Карташ узнал этот голос.
Или… или это уже глюки пошли?
Но галлюцинации не перерезают верёвки на запястьях, не освобождают от пут. Галлюцинации не придерживают твои руки, чтобы они не тряслись.
Уф, всё. Свободен, мать честная! Он попробовал сжать-разжать кисти. Пока пальцы слушались плохо, двигались будто не свои, но оживали с каждым новым толчком крови. Хотелось свести затёкшие руки перед собой, аж зубы сводило от хотения, – но придётся ещё малость потерпеть.
Кисть почувствовала холод металла. Карташ нащупал вложенную ему в ладонь рубчатую рукоять, провёл пальцем по гладкой округлости ствола…
Так живительно, как подействовало оружие, наверное, на него не подействовал бы и спецпрепарат из спецназовского арсенала, хитрая химия, заставляющего вроде бы падавшего без сил человека подниматься и часа два-три танком переть по пересечённой местности. От пистолета тело заряжалось неким током высокой частоты, который сугубо гражданскому человеку вряд ли знаком и который вряд ли уловит самая научная аппаратура, – но Карташ сейчас чувствовал и впитывал этот ток.
– Берёшь на себя дергунчика в шинели и того, у костра. Начинаешь, когда упадёт рыжий…
Невесть откуда взявшийся посреди тайги «археолог» Гена правильно высчитал самого опасного. Угрюмый с автоматом не расставался, держал его умело и, не приходилось сомневаться, откроет огонь незамедлительно. Шуруп тоже растеряться не должен, но ему ещё дотянуться надо до автомата. И у кого-то заныкан «Макаров» – про это Карташ, разумеется, забыть не мог.

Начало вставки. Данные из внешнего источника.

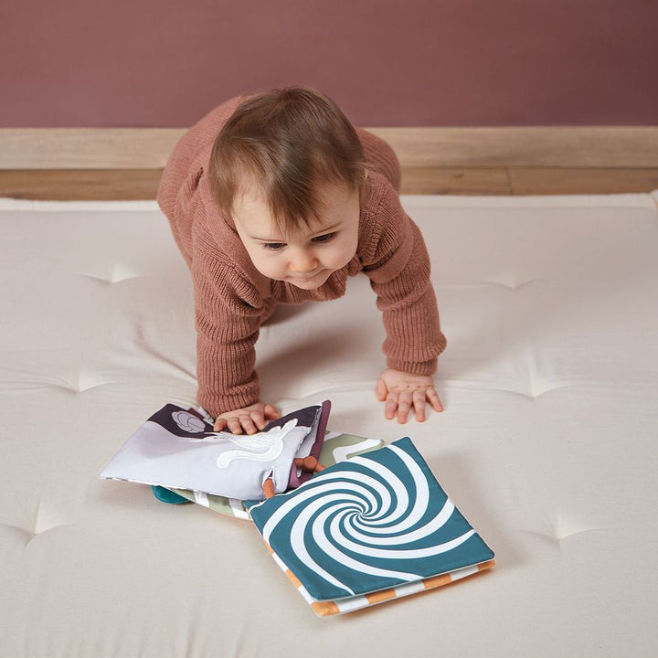 Indeed, they offer contrasting colors and prints, particularly perceptible by baby from birth: ideal for visual stimulation! In addition, 6 varied textures can be discovered with your fingertips (micro-velvet, corduroy, suede, looped fabric, cotton muslin, felt): they are therefore not only visual stimulation cards, but a perfect toy for develop toddler's sense of touch. They arouse his curiosity, because they are designed especially for him. Connected together by a silicone ring, they can be presented to baby like a fabric activity book, but also placed on the ground to encourage their exploration. The ring is easy to handle, and can be put in the baby's mouth like a teething ring. It is a portable sensory awareness toy, easy to carry on outings with baby. A useful birth gift, therefore, but also adorable like the little cat represented on the front.

Алексей услышал, что Гена отползает от дерева, шурша хвоей и палыми листьями, покрывающими землю.
Он коснулся предохранителя – сдвинут, – нащупал скобу, положил палец на спусковой крючок. Готов.
Гриневский и беглые зэки всё ещё препирались, но Карташ не вслушивался в их базары, однако они враз потеряли для него всякий смысл и интерес.
– Чифирек готов, – известил филосов-костровой, жить которому оставалось вряд ли больше минуты.
– То дело! – Шуруп встал с бушлата, потирая ладони. – Мозга прояснится, тогда и…
Едва слышный хлопок – и голова Угрюмого дёрнулась, на лбу выросло тёмное пятно. «Бесшумка», – машинально отметил Карташ, отталкиваясь от дерева. Рывком вскочил на ноги, поднял руки, сжимая пистолет, выцелил фигуру в солдатской шинели. Два раза нажал на спуск.
Дважды грохнуло, и Болек упал, нелепо взмахнув руками.
Шуруп прыгнул к своему «калашу», но в полёте был настигнут пулей, выпущенной притаившимся в зарослях «аспирантом». Вожак безжизненно вытянулся на земле, так и не добравшись до автомата…
А вот костровой оказался самым сметливым и проворным. Он не стал прорываться к оружию, не стал вступать в единоборства, он вскочил и припустил к ближайшим деревьям, чтобы нырнуть в темноту и скрыться в тайге, петляя меж стволами. Гриневский крутанулся в каком-то немыслимом акробатическом пассаже, выбросил вперёд длинные ноги и подсёк азиата-кострового. Тот рухнул лицом вниз, но тут же ловко перевернулся на спину…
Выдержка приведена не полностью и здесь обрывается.